The "infinitive" is as the name implies nonfinite (but in French called "mode impersonnel"); the present participle is another nonfinite form of the verb, but it is far from being as "malleable" as the infinitive, it is quite restricted as it has right away the value of an adjective. There is the essential difference when we consider the two in real sentences : the first is in relation with other verbs, whereas the second is in relation with nouns.
The difference is then to be sought in the type of verb that introduces the action taking into account the scope those two verbal nonfinite forms have.
There is a rule that says that after verbs that express the idea of a perception you use the infinitive (ref);
verbs of perception (ref) : regarder, apercevoir , écouter, voir, sentir, entendre
However, there is an exception, you do not use the infinitive with the verb "apercevoir"; this can be verified in the ngrams for current verbs;
courir, entrer, monter, arriver, partir, venir, manger, s'en aller, passer, atterrir, jouer, chanter, tirer, travailler, voler, s'exercer, tomber
There is an exception to this usage and it is confirmed by the TLFi;
(caratères gras et italique ajoutés)
I A 2. Plus rarement. Sans effort d'attention, ni recherche
[…]
... Aimé regarda son père. Soudain, il l'aperçut vieilli.
SYNT. Apercevoir tout à coup, brusquement, soudain, pour la première fois.
[…]
− Insolite. [Suivi de l'inf., p. anal. avec voir + inf.]
7. Il vénérait Verhaeren. (...) Il aimait, (...) en retrouver à tout instant les larges visions tragiques : le moulin, dont les bras, ... comme des bras de plainte, se sont tendus, et sont tombés ... Les astres qui, là-haut, semblent les feux de grands cierges, tenus en main, dont on n'aperçoit pas monter la tige immense.
[…]
Rem. Apercevoir s'oppose à regarder et à voir par l'aspect, qui dans tous ses emplois est perfectif, c'est-à-dire marque l'aboutissement qui de soi est momentané (cf. p. ex. découvrir opposé à chercher); d'où l'impossibilité de construire ce verbe avec un inf. prés. duratif (cf. supra ex. 7).
It's not at all current, only literary; there must be in the situation the verb applies to a quality of being strange ("insolite" in French), and on top of that, let's not forget that the verb must be used in a context from which we know that is dispensed no effort of attention, no effort of research. It is to be noticed that in this usage the aspect of the infinitive "monter" is not "durative" nor "ponctual" or "perfective" according to another terminology, this being so because the verb in this particular acceptation is not dynamic.
The remark "d'où l'impossibilité de construire ce verbe avec un inf. prés. duratif" confirms that you can't have a verb in the infinitive after "apercevoir".
This is why you have to use a past participle.

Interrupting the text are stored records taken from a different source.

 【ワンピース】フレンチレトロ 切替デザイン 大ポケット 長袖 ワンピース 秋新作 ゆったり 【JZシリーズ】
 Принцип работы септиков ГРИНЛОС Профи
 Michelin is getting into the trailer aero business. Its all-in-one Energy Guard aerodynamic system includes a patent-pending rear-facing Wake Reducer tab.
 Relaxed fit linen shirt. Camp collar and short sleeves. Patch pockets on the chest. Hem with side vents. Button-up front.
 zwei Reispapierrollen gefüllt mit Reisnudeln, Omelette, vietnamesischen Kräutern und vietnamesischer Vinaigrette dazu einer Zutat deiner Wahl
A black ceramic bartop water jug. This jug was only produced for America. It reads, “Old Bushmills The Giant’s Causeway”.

The idea, in other terms, is this; as I said in the introduction the two apprehensions of the action refer to the same thing, that is a certain period of time during which what the person does is called "going into something"; however the relations in the two contexts change because this action impinges upon the reader according to two different points of view and the terms used refer to the points of view and not the action: one is the action fully seen, the other is the action guessed at and merely revealed by a snapshot. In the first case it calls for "voir" and the "aspect duratif" of this verb is well suited for the infinitive as the infinitive is the most general form; in the second it calls for "apercevoir" and as the "aspect perfectif" of this verb is not compatible with the concept of something that lasts, a relation with a noun only is possible (a pronoun here, "l'"); there is then only the option of "inserting" the action through a description of what the the person (l') represented in the object is doing, and that is donne by a kind of adjective, in other words the present participle.
The explanation of the dictionary doesn't take fully into account the realities of this situation : in the case of the "verbe duratif" (voir) the action lasts (he saw him all the time he went in) and it bears upon verb and person, in the case of the "verbe perfectif" it doesn't last (he saw him while he went in, at one point of the whole time it took him to get in) and it bears upon the person only. To show and summarise the difference better, let's say that there is a recognised relation in "on voit entrer" but there is none in "on voit entrant".
Let's mention, by the way, that the very same point of view is part of the semantics of English and that should help drive the idea home; that can be seen in the following examples;
- He saw him go into the building.
- He noticed him going into the building.
(You can't say, as the ngram shows, "He noticed him go into the building.".)